Se, porventura, nossos legisladores referendarem esse Estatuto, e para não nos tornamos reféns do mesmo, temos ainda remédio constitucional disposto nos Art. 103 e 102, respectivamente, da Constituição Federal, que dizem:
Art. 103: “Podem propor a ação direta de inconstitucionalidade e a ação declaratória de constitucionalidade.
“Inc. IX: confederação sindical ou entidade de classe de âmbito nacional
Art. 102: “Compete ao Supremo Tribunal Federal precipuamente, a guarda da Constituição, cabendo-lhe:
Inc. III, alínea b: declarar a inconstitucionalidade de tratado ou lei federal.
Meu desejo é demonstrar que mesmo havendo risco de sofrermos imposição legislativa oriunda de uma força ou poder religioso, ainda temos mecanismos de defesa ofertados pela própria Constituição de que deve ser respeitada como principio e fundamento de uma sociedade organizada que zela por suas leis. Se os evangélicos se sentirem preteridos pelo Estatuto, podem propor essa ação de inconstitucionalidade que ficará a cargo do Supremo Tribunal Federal julgar.
Se hipoteticamente for referendado o Estatuto e o STF julgar improcedente uma ação direta de inconstitucionalidade impetrada por evangélicos, é bom lembrar que cada cidadão ainda assim terá como cláusula pétrea o direito à liberdade religiosa e poderá arguir sempre que necessário o seu direito quando o mesmo se manifestar contrário ao seu interesse. Nenhum estudante poderá ser constrangido em instituições públicas a ter que se submeter a liturgias, rezas e orações, se as mesmas não fizerem parte de sua formação. Entendo que esse direito abrange toda a estrutura educacional, mas me atenho ao público onde o Estado se manifesta em principio.
VI. Conclusão
Portanto não há o que temer em relação a esse Estatuto. Nenhum Estado estrangeiro pode impor em nosso país qualquer mudança dentro das cláusulas pétreas estabelecidas. Nem doutrina religiosa, nem dia de guarda, nem matérias educacionais, etc.

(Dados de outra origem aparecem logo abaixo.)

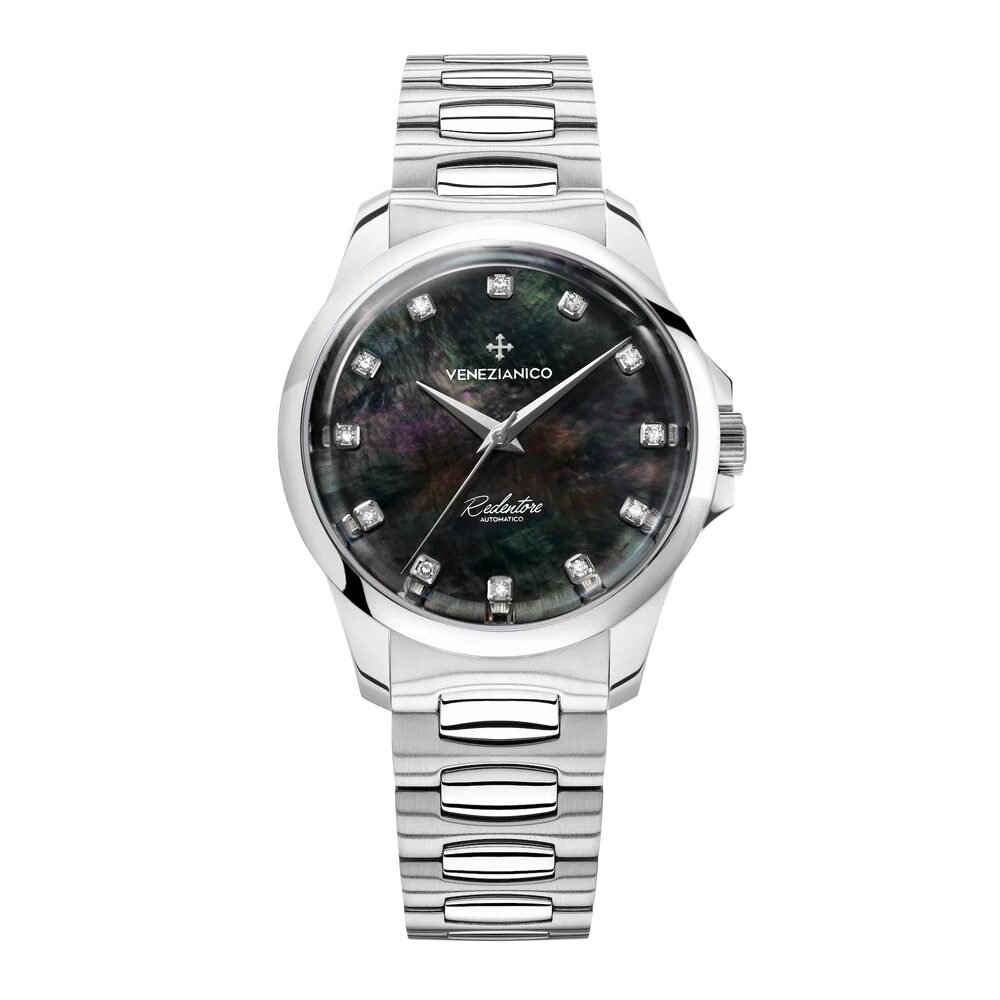Orologio elegante dedicato al mondo femminile, impreziosito da 12 diamanti e quadrante madreperla. Mantiene le linee pure e contemporanee della variante classica, ritenendo al contempo la qualità della meccanica. È accompagnato dal bracciale Canova in acciaio, che ne arricchisce il disegno grazie all’alternarsi di finiture lucide e satinate.

Questiono a constitucionalidade dos feriados nacionais religiosos, herança de um passado em que o Estado tinha forte envolvimento com a igreja e por isso foram instituídos por lei, hoje seguidos e respeitados por todos, católicos, evangélicos, ateus e demais. Se somos contrários as regras de uma igreja que podem ser impostas a grande parte da sociedade, deveríamos questionar outras regras que aparentam ser um benefício. Seria um princípio de coerência. Se refutamos o ônus por que nos agraciaríamos com o bônus? É outra discussão que merece outro espaço e pesquisa.
O intuito desta análise foi contribuir e esclarecer as pessoas que porventura tenham dúvidas em relação a esse Estatuto, e as consequências, se for referendado, e por ter lido algumas opiniões que não se coadunam principalmente com a Constituição Federal que defendo ardorosamente e, mesmo numa linguagem jurídica, procurei ser o mais claro e sucinto possível, apesar de não ser fácil a clareza quando se aborda um assunto que requer um pouco da técnica jurídica. De qualquer maneira, acredito num país que respeita sua Constituição e teríamos um país melhor se as pessoas conhecessem mais seus direitos e fizessem valer o que está contido na Carta Magna.
(Livingston Santos Streck é bacharel em Direito)
Importante: sugiro a todos os prezados amigos cidadãos que enviem suas manifestações aos nossos representes políticos para que saibam que estamos atentos às questões que nos dizem respeito.